Though visuals can never be enough to save a movie, the film’s plot – although ridiculous – isn’t a completely disaster.
Depp plays Will Caster, with Rebecca Hall playing his wife – Evelyn Caster. Both researchers in the field of artificial intelligence – with Will being a bit more extreme and controversial than his partner – Will and Evelyn eventually run into disaster when someone shoots Will with a bullet which is laced with radiation poisoning. With Will slowly dying, Evelyn takes some gigantic leaps with their ideas and concludes with porting Will’s brain patterns into a hard drive. It worked on a monkey, so why not Will?
Will – now a ghost in the machine – very slowly realises how much power he wields and aids Evelyn in converting a small town into a power-driven base camp. Here, Depp tinkers with other humans, healing them and ‘improving’ them to be more god-like. It would seem that Will is building an army here, but in so far there has been no real evil intentions. Nothing which would possibly justify his mate – played by Paul Bettany and Morgan Freeman – to join the team that is looking to unplug him for good.
The motivations for the main conflict in the film pop out of nowhere, never really having any clear basis and hence pulling the plot down massively.

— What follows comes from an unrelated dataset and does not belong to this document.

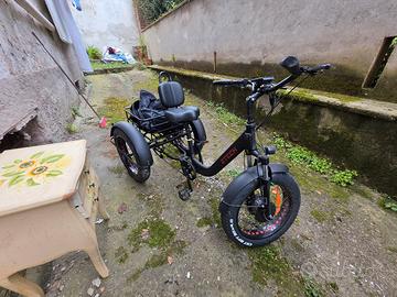 Usata 2 volte e parcheggiata in cortile. Funziona tutto. Volendo potrei anche spedire ma devo smontarla e fare il pacco. Quindi un 3 o 4 giorni per prepare tutto. Inoltre costa molto. Quindi in base a dove siete vi comunicherò il prezzo. È molto robusta e pesante. Dettagli tecnici: Bicicletta elettrica Trike Elettrico ZT-80A Mini Trailer ZTECH 250W 48V 13Ah Il massimo della comodità, dello stile e della capienza. Potente motore brushless da 250W per tutti i tuoi spostamenti fino a 25KM/h, in tutta sicurezza! Potentissima! Va in tutte le salite. Tipo di motoreMotore Brushless Potenza250W Tensione del motore48V Velocità25 chilometri all'oramax CaricoMax110 kg Dimensionidella ruota20" Dimensionepneumatici4 Freno anterioreFreno a disco Freno posterioreFreno a disco Tipo di batteriaIoni di litio Capacità della batteria13 Ah Voltaggiobatteria48V Quantità di batterie1 Peso netto36 kg

Although the interest remains in the film, there is a bitter aftertaste to the shoddy storytelling once Transcendence moves towards the tail-end.
With elements from Jonathan Nolan’s exceptional crime drama Person of Interest (and to a lesser extent, Revolution), the sometimes possible, post-apocalyptic landscape in which Transcendence deals with is effectively dark and gloomy, full of paranoia and high-stress sequences as all characters deal with something they thought society wasn’t up to yet. Since we have been dealt plenty of cards dealing with A.I before, the ideas in Transcendence aren’t hard to wrap your head around, it just feels like the writers gave up towards the end of the film. And that’s always going to make for bad cinema.